/Embeddings

Training Word Embeddings and using them to perform Sentiment Analysis with attention based LSTMs

Primary LanguageJupyter Notebook

Embeddings

Training Word Embeddings and using them to perform Sentiment Analysis

About

Word Embeddings are vector representations of words of a language, and are trained over large collection of raw text. Here, we have trained word embeddings using the approach specified by the Neural Probabalistic Language Model. We use a large corpus of english text, drawn from a collection of novels from the 1880s, and use it to create a large number of context-target pair examples. The Embeddings are 64 dimensional, and are built over a vocabulary of the 25000 most frequent words of the corpus.

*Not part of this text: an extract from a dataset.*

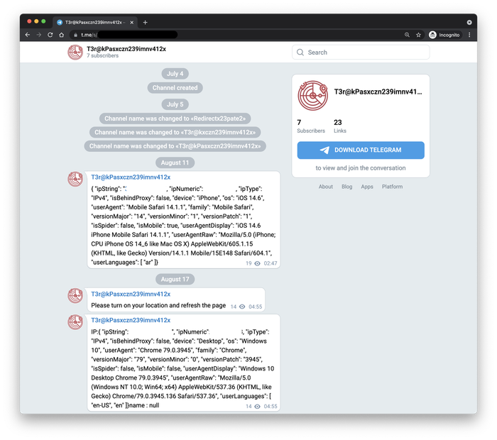 Khi nhóm hacker Iran APT35 muốn biết liệu một trong những mồi câu kỹ thuật số của họ đã thu hút được người dùng hay không, họ chỉ cần kiểm tra Telegram. Mỗi khi ai đó truy cập một trong những trang web giả mạo mà họ đã thiết lập, một thông báo sẽ xuất hiện trong một kênh công khai trên dịch vụ nhắn tin, chi tiết về địa chỉ IP, vị trí, thiết bị, trình duyệt của người tiềm năng và nhiều thông tin khác. Đó không phải là thông báo đẩy; đó là thông báo lừa đảo.

The trained embeddings are evaluated by a set of simple analogical reasoning tasks, and then mapped to 2-D using the t-SNE algorithm for visualization. Further, the trained embeddings are then used to perform Sentiment Analysis on the IMDB dataset of reviews. An attention based LSTM model, with a maximum input sequence length of 300 is used for the task of Sentiment Analysis. Its architecture is specified below

Demo

Here is a 2D plot of the embeddings of some words. (The high dimensional embeddings are converted to 2-D using the t-SNE algorithm)

As you can see, words conveying emotions such "sad", "melancholy", "happy" and "merry" are grouped together. Number words such as "two", "three", "four" and "five" are also grouped together. Words with similar meanings such as "under" and "beneath", and "run", "jump" and "leap" are also grouped together. Animal such as "cat", "dog", and "horse" are grouped together. Words carrying temporal meanings such as "month", "year" and "hour" are also grouped together. Further, words such "man", "woman", "king" and "queen" are grouped together as well.